Goal of the exercise: The only thing to report is how many lines of the data contain the word "County".

Listed records:
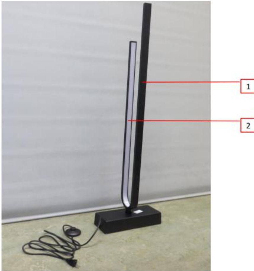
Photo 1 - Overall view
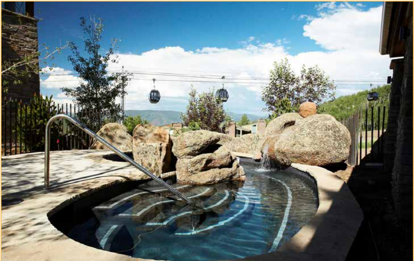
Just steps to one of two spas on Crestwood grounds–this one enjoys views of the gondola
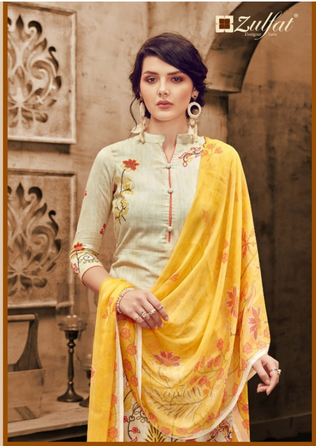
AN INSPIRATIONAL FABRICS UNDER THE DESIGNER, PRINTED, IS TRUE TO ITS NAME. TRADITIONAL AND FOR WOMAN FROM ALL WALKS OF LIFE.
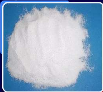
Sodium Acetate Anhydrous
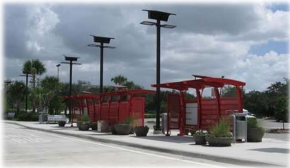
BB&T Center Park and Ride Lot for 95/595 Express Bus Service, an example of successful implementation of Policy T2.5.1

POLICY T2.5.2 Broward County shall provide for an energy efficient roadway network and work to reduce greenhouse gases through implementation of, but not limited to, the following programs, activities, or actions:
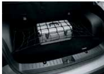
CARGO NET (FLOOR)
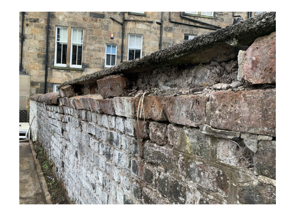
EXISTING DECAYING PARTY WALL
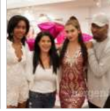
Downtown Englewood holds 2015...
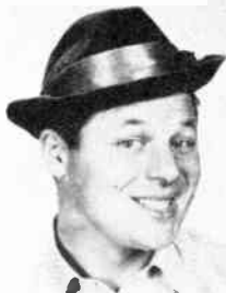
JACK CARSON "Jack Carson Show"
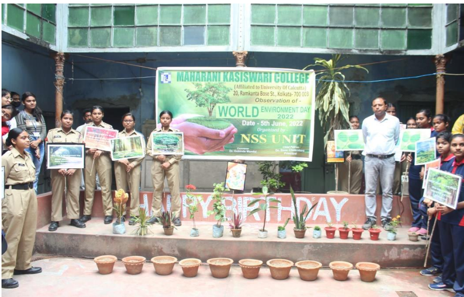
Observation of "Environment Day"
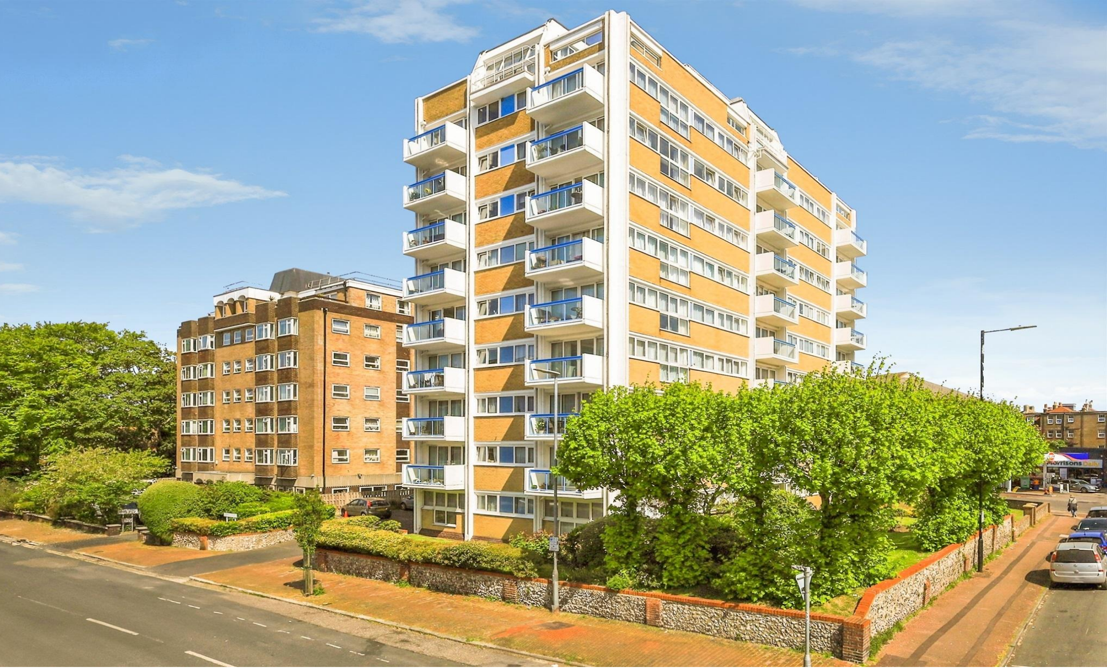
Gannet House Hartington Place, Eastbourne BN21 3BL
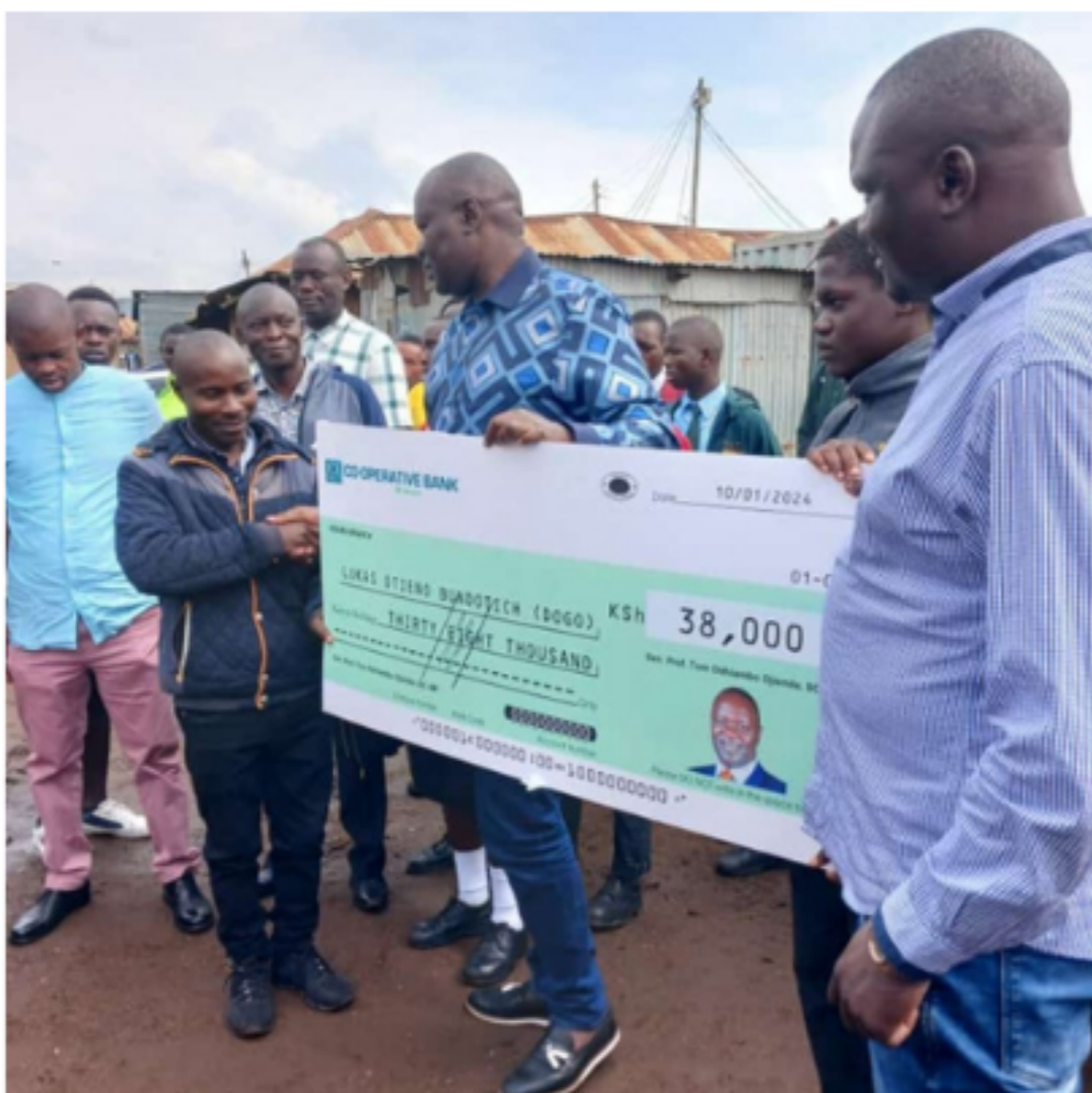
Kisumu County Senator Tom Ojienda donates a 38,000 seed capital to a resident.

Output of the exercise: 2